In this post, we’ll explain vendor neutrality in the context of the open source OpenTelemetry project, including where it starts and ends, and how you can take advantage.
Three key layers of telemetry
Before we dive deeper into the concept of vendor neutrality, let’s look at the bigger picture, as it relates to telemetry and the OpenTelemetry project. In general, telemetry approaches usually involve three layers:
- The apps and infrastructure: This is the source of the telemetry — meaning, the actual thing we will be observing.
- The telemetry collector: This is software that collects, filters, processes, and forwards telemetry signals.
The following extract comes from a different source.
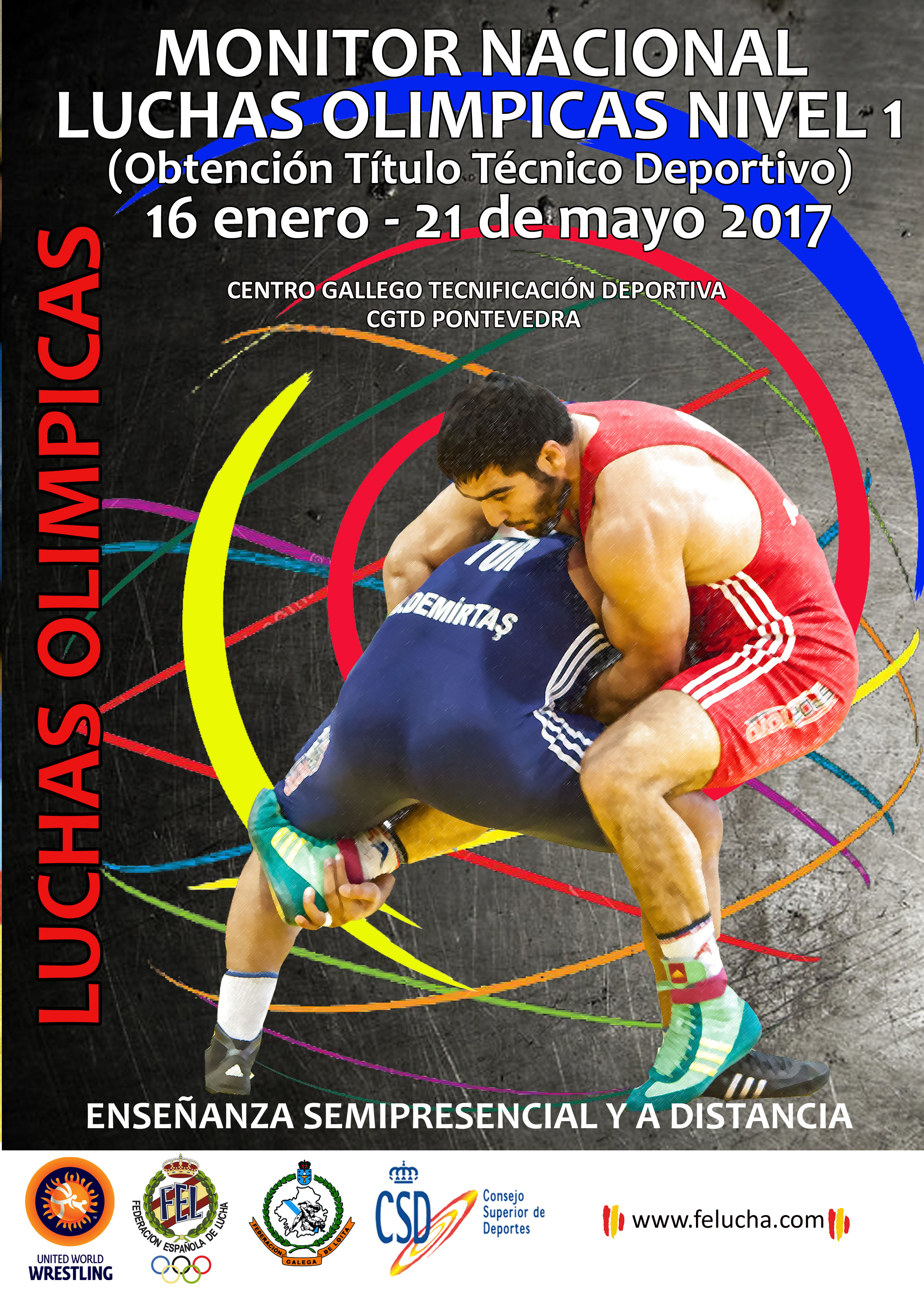 Presentamos o primeiro e único curso oficial para a obtención do título de MONITOR NACIONAL DE LOITAS OLÍMPICAS NIVEL 1 no 2017, e a obtención do título de TÉCNICO DEPORTIVO. Ensinanza oficial, tramitada en colaboración co CESED (Centro Superior de Enseñanzas Deportivas) centro de titularidade pública dependente do CSD, a Federación Española de Luchas Olímpicas y D.A. e a Federación Galega de Loitas Olímpicas de D.A.

- The telemetry backend: This can be broken down into two further layers: storage and exploration, which is how we extract value out of telemetry signals. For example, at the exploration layer, an SRE looks at a dashboard and determines that a particular service needs investigation.
You can get quite complex with all three layers, particularly the collector layer, but telemetry solutions usually have something in each category. This is a useful model to help ground what vendor neutrality means in this post, and how you achieve it.
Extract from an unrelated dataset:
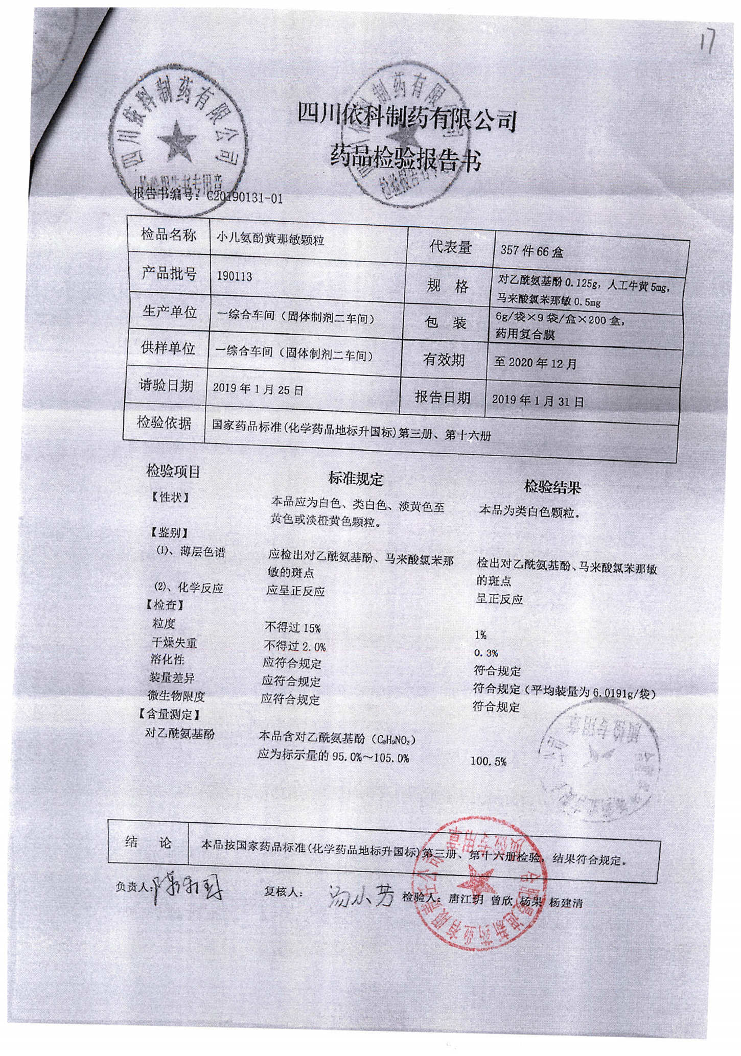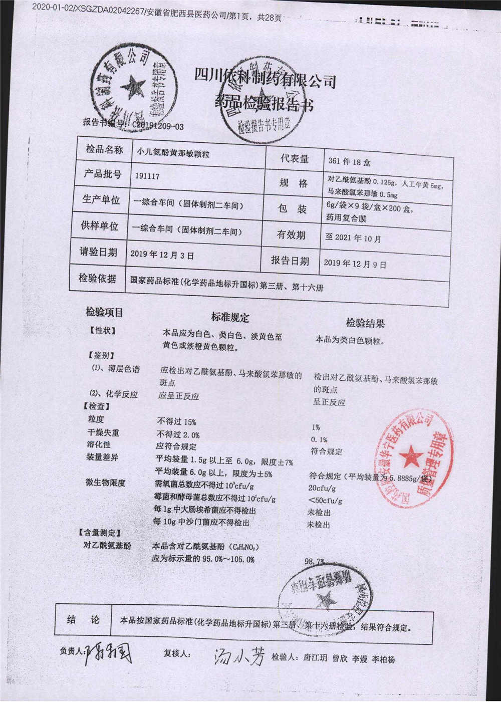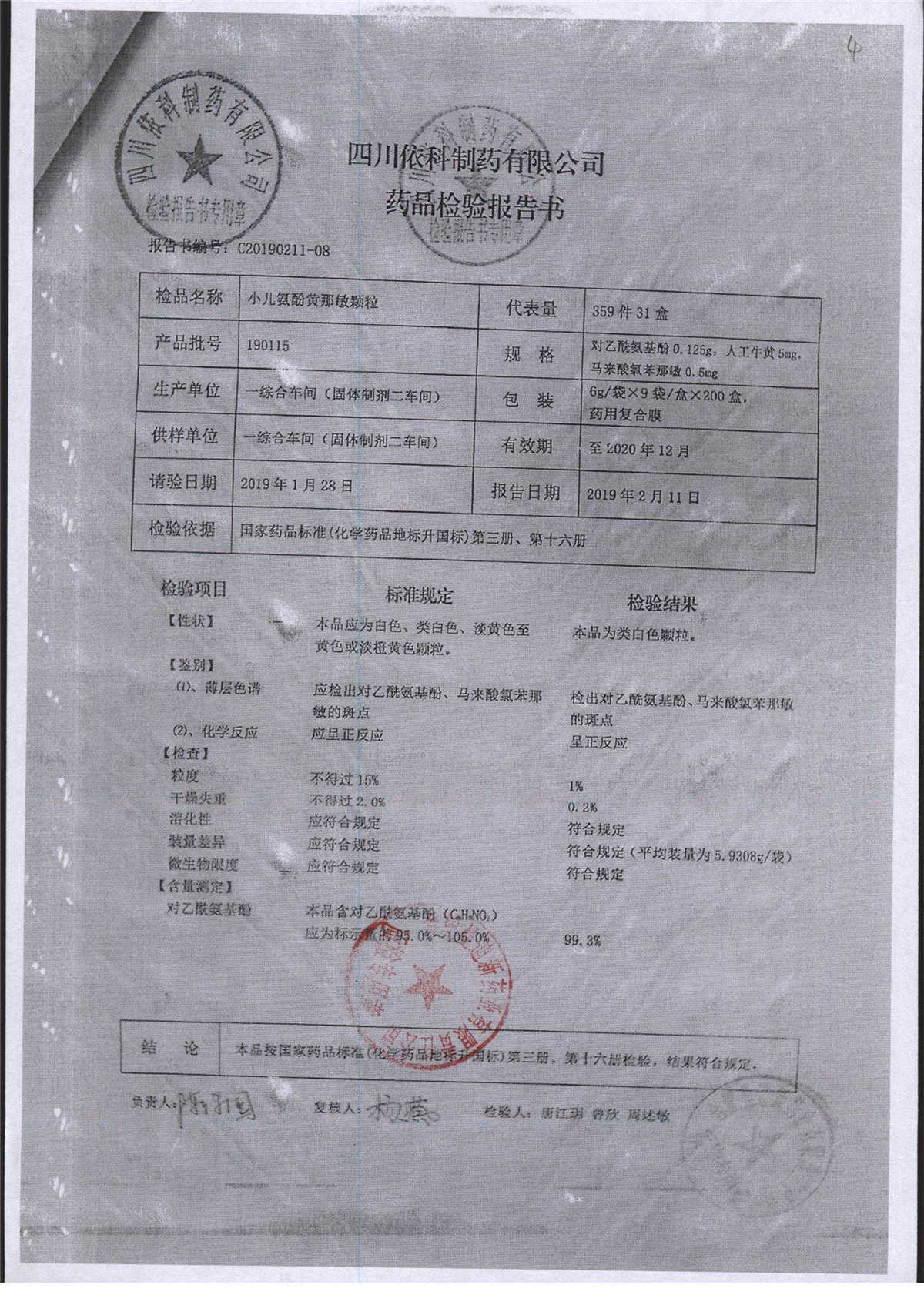 小儿氨酚黄那敏颗粒 | 6g*9袋 | 220501 | 查看详情 |

OTel’s vision for vendor neutrality
OTel is very appealing to folks coming from commercial vendors because they’ve often been burned by the costs of switching from proprietary instrumentations, agents, and/or collectors. To quote the OpenTelemetry mission, vision, and values page (bolded emphasis is ours):
For decades, proprietary drop-in agents from monitoring and observability vendors have been the primary source for useful telemetry from across the application stack. Unfortunately, the lack of common standards or APIs across these agents has led to vendor lock-in for customers, and inhibited innovation by tightly coupling telemetry collection with telemetry storage and analysis. With OpenTelemetry, we strive to provide a level playing field for all observability providers, avoid lock-in to any vendor, and interoperate with other OSS projects in the telemetry and observability ecosystem.
There are two key points to draw out of this:
- Tight coupling between telemetry collection, storage, and analysis is a bad idea (more on this below).
- If you use a proprietary drop-in agent that does not conform to standards as a way of gathering telemetry, you will be locked into that vendor. This is because you cannot have a telemetry system without the data, and that vendor is the one way to get that data. That’s vendor lock-in (the opposite of vendor neutrality), in OTel terms.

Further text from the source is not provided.